Write the lines below out exactly, dropping each picture.

DATA PROVIDED START

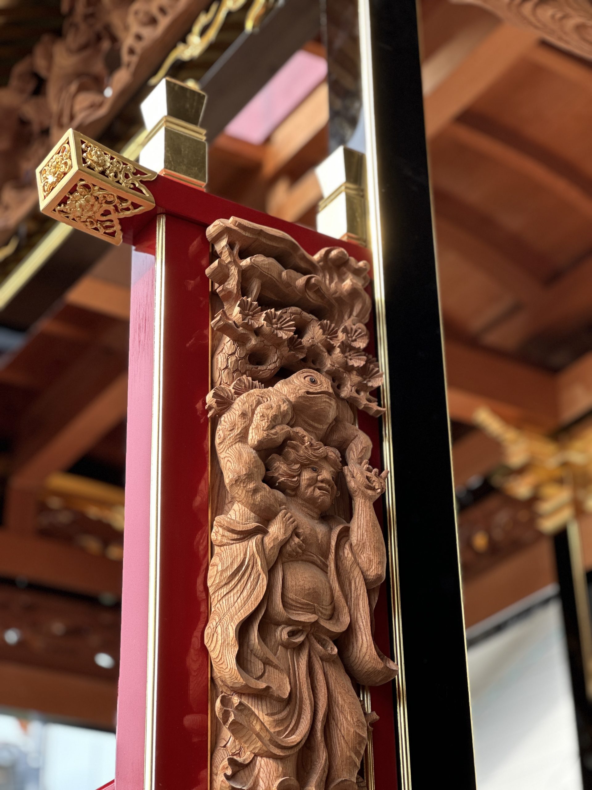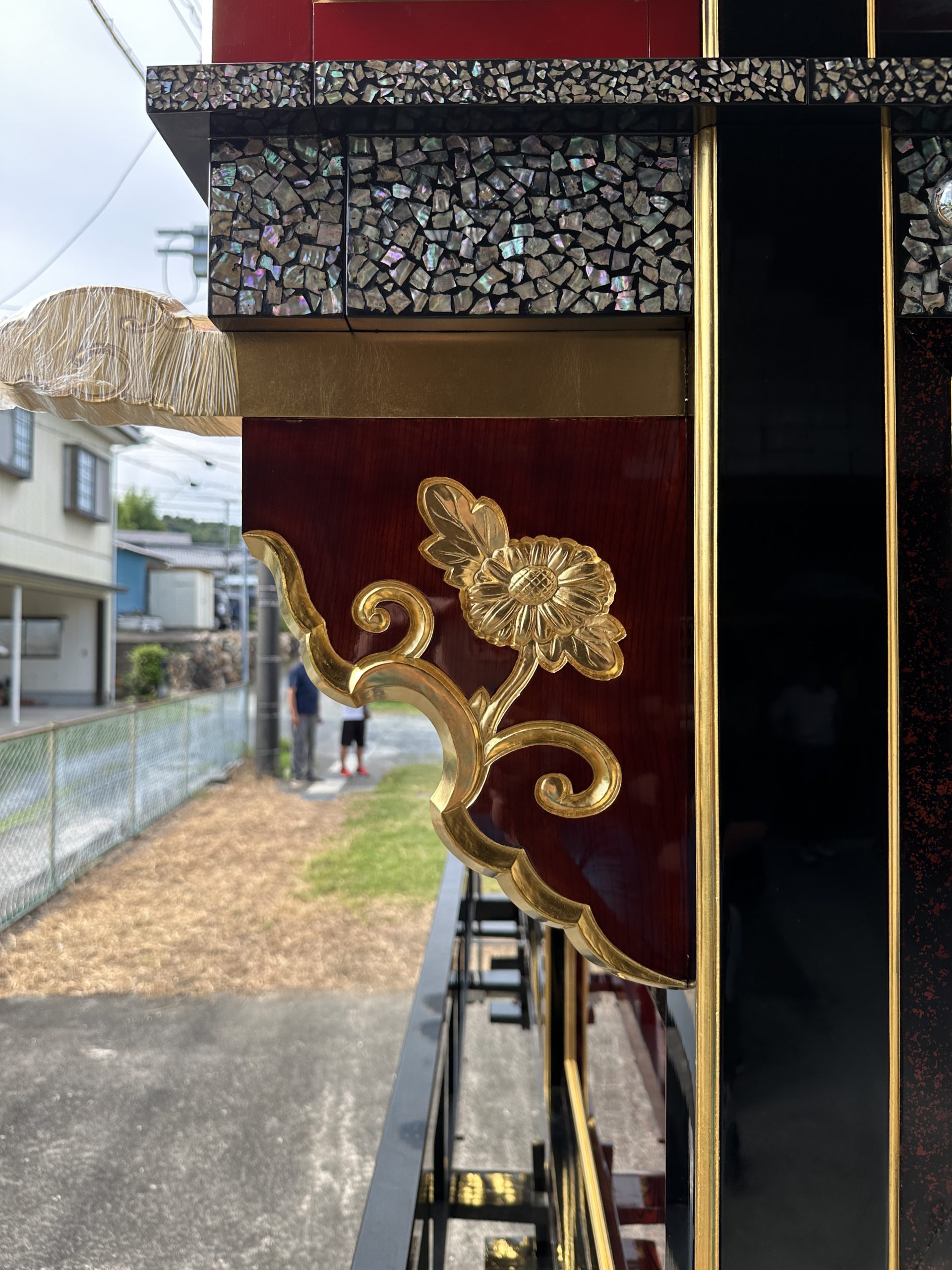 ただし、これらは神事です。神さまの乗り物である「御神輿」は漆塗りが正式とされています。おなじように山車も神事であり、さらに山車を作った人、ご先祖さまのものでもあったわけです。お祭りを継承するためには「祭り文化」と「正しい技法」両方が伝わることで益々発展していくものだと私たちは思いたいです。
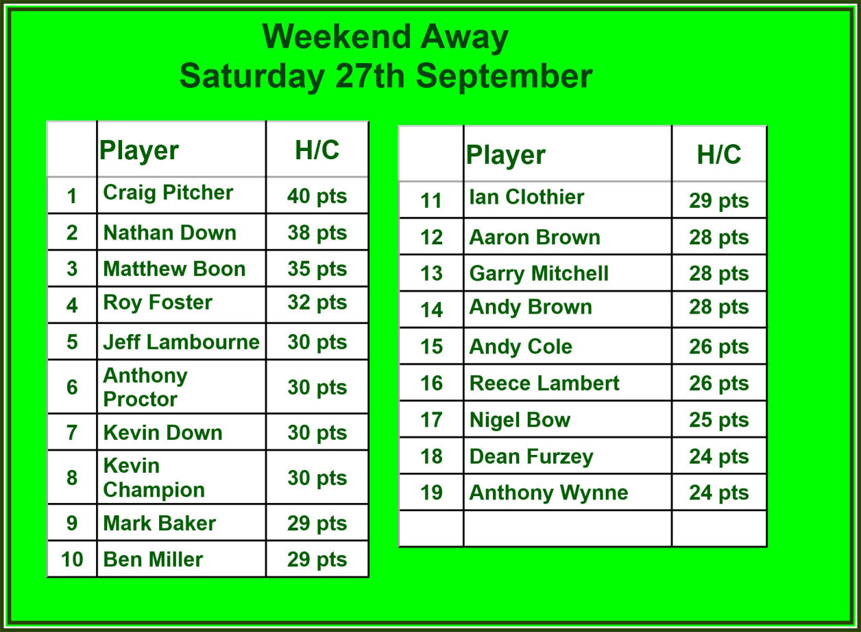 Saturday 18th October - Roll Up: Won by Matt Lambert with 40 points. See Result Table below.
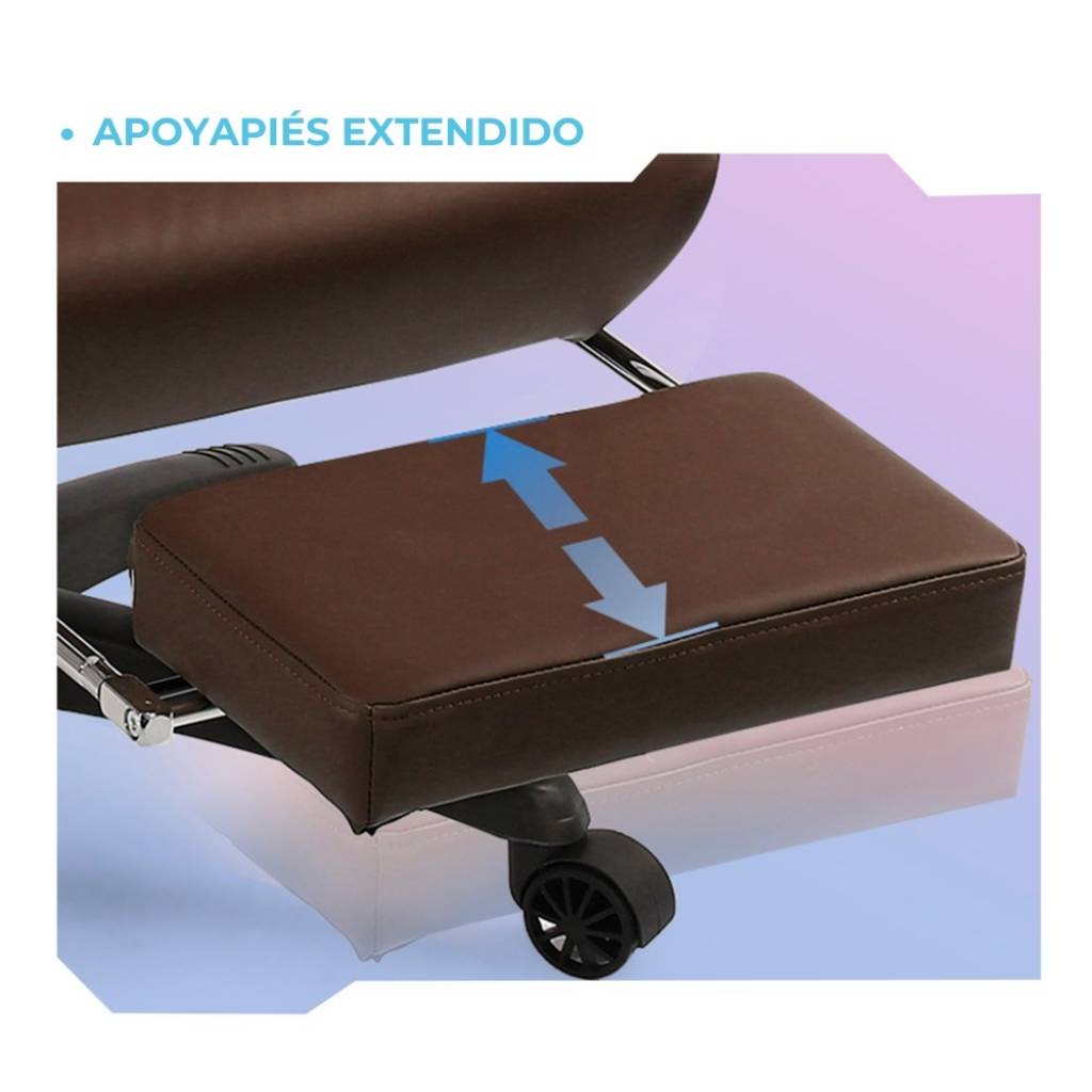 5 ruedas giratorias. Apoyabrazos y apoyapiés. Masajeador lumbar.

DATA PROVIDED END

* **OUTPUT FOR THIS EXERCISE**:
 ただし、これらは神事です。神さまの乗り物である「御神輿」は漆塗りが正式とされています。おなじように山車も神事であり、さらに山車を作った人、ご先祖さまのものでもあったわけです。お祭りを継承するためには「祭り文化」と「正しい技法」両方が伝わることで益々発展していくものだと私たちは思いたいです。
 Saturday 18th October - Roll Up: Won by Matt Lambert with 40 points. See Result Table below.
 5 ruedas giratorias. Apoyabrazos y apoyapiés. Masajeador lumbar.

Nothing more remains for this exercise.